DATA TO PROCESS:
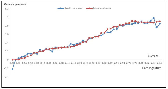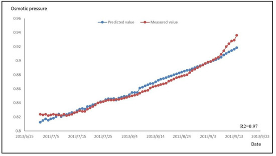 Similarly, the data of the dependent variable during the water-storage period was substituted into Equation (11) to calculate the predicted value of the osmotic pressure, and the time series of the predicted and measured values was then plotted, as shown in Figure 10.
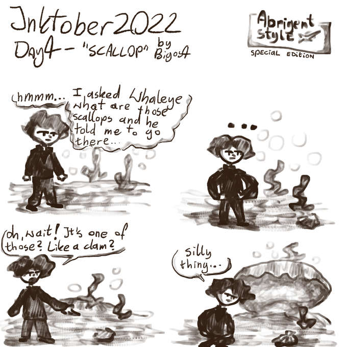 Inktober 2022 - Day 4 "Scallop" I got so little time today I had to resort to using Abrigent style :P Done in less than 20 minutes... #inktober2022 #Inktober #inktober2022day4 #inktoberday4 #inktober2022scallop
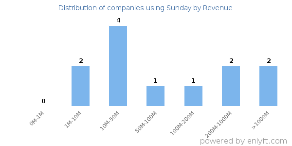 We have data on 12 companies that use Sunday. The companies using Sunday are most often found in United States and in the Financial Services industry. Sunday is most often used by companies with 50-200 employees and 10M-50M dollars in revenue. Our data for Sunday usage goes back as far as 4 years and 2 months.
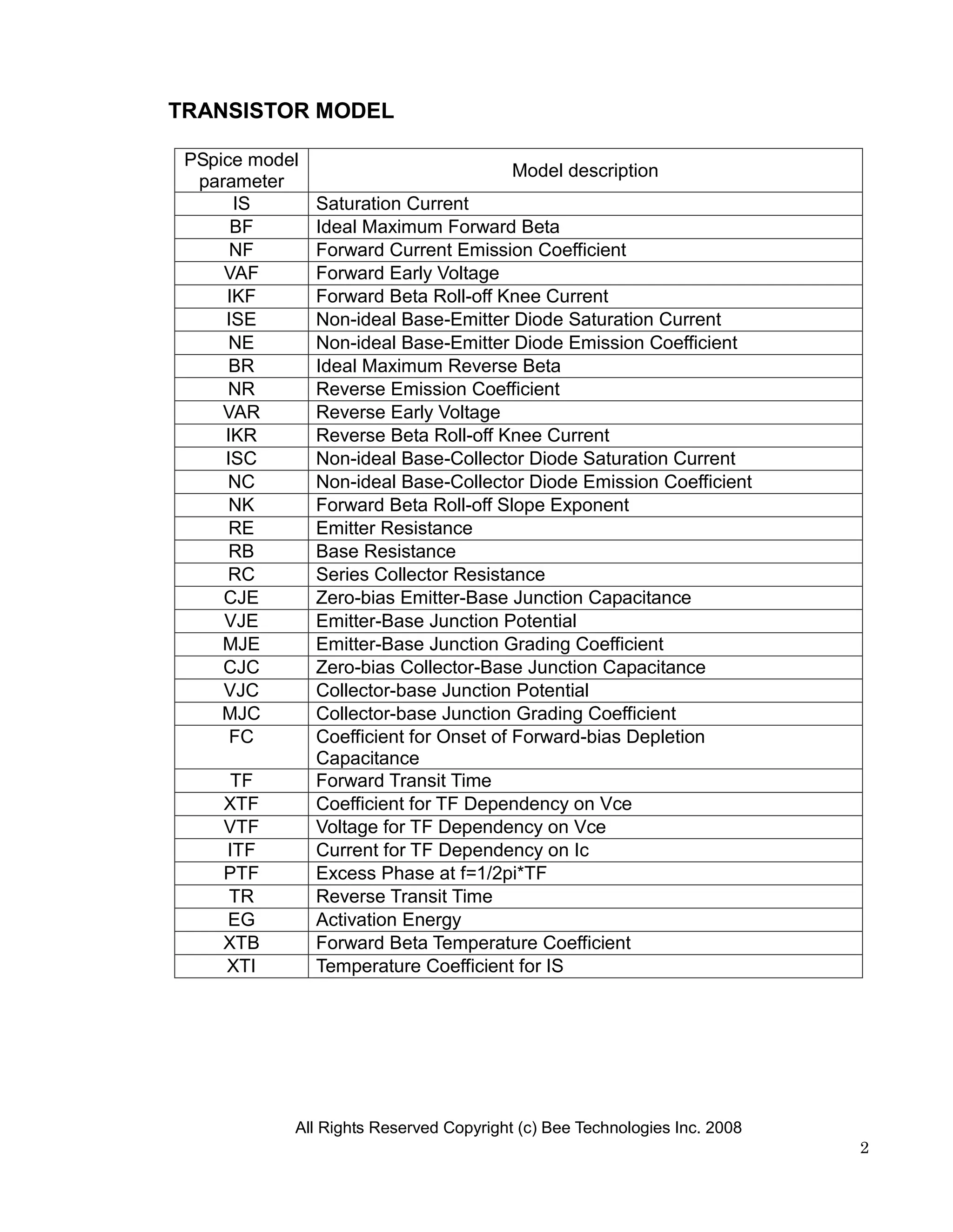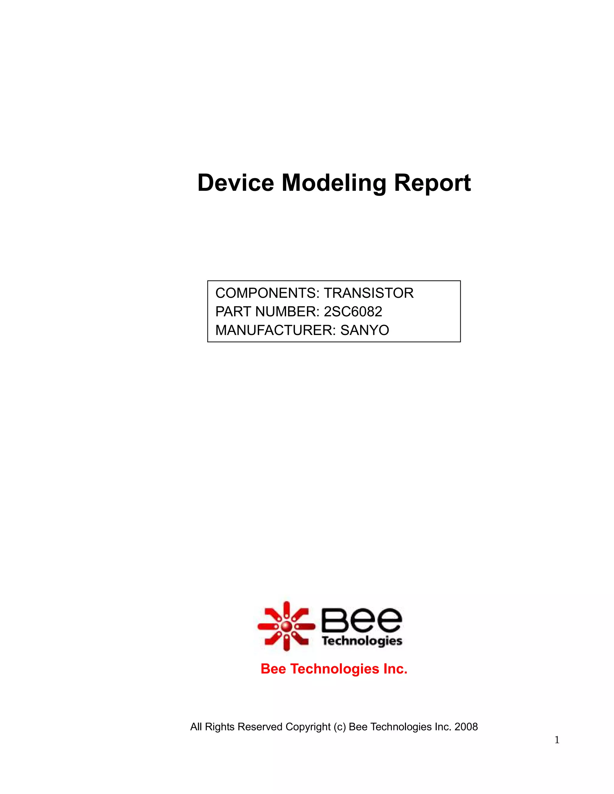 The document provides a detailed device modeling report for the transistor model 2SC6082 manufactured by Sanyo Bee Technologies Inc. It includes parameters for both forward and reverse characteristics, including current and voltage metrics, as well as simulation results and error analyses for various performance metrics. The report emphasizes characteristics such as saturation current, beta values, and capacitance measurements, validated through circuit simulation results.
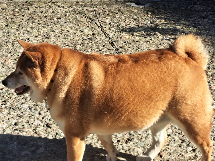 - "A reddish-brown Shiba Inu dog, exhibiting white fur on its chest, belly, and lower legs, stands facing left in profile on a light-colored gravel surface" by FM-KFksB2, licensed under CC BY 4.0
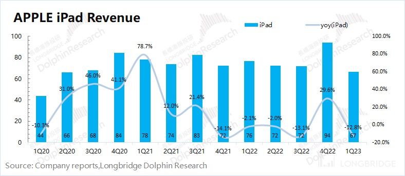 2023 财年第二季度 iPad 业务收入 67 亿美元,同比下滑 12.8%,符合彭博一致预期(66.8 亿美元)。iPad 的市场需求和 Mac 整体相近,当在家办公等需求退却,对于 iPad 的需求也回落至平稳水平。

TO DO: What is needed is a word-for-word copy of the data above, free of any images.

EXERCISE OUTPUT:
 Similarly, the data of the dependent variable during the water-storage period was substituted into Equation (11) to calculate the predicted value of the osmotic pressure, and the time series of the predicted and measured values was then plotted, as shown in Figure 10.
 Inktober 2022 - Day 4 "Scallop" I got so little time today I had to resort to using Abrigent style :P Done in less than 20 minutes... #inktober2022 #Inktober #inktober2022day4 #inktoberday4 #inktober2022scallop
 We have data on 12 companies that use Sunday. The companies using Sunday are most often found in United States and in the Financial Services industry. Sunday is most often used by companies with 50-200 employees and 10M-50M dollars in revenue. Our data for Sunday usage goes back as far as 4 years and 2 months.
 The document provides a detailed device modeling report for the transistor model 2SC6082 manufactured by Sanyo Bee Technologies Inc. It includes parameters for both forward and reverse characteristics, including current and voltage metrics, as well as simulation results and error analyses for various performance metrics. The report emphasizes characteristics such as saturation current, beta values, and capacitance measurements, validated through circuit simulation results.
 - "A reddish-brown Shiba Inu dog, exhibiting white fur on its chest, belly, and lower legs, stands facing left in profile on a light-colored gravel surface" by FM-KFksB2, licensed under CC BY 4.0
 2023 财年第二季度 iPad 业务收入 67 亿美元,同比下滑 12.8%,符合彭博一致预期(66.8 亿美元)。iPad 的市场需求和 Mac 整体相近,当在家办公等需求退却,对于 iPad 的需求也回落至平稳水平。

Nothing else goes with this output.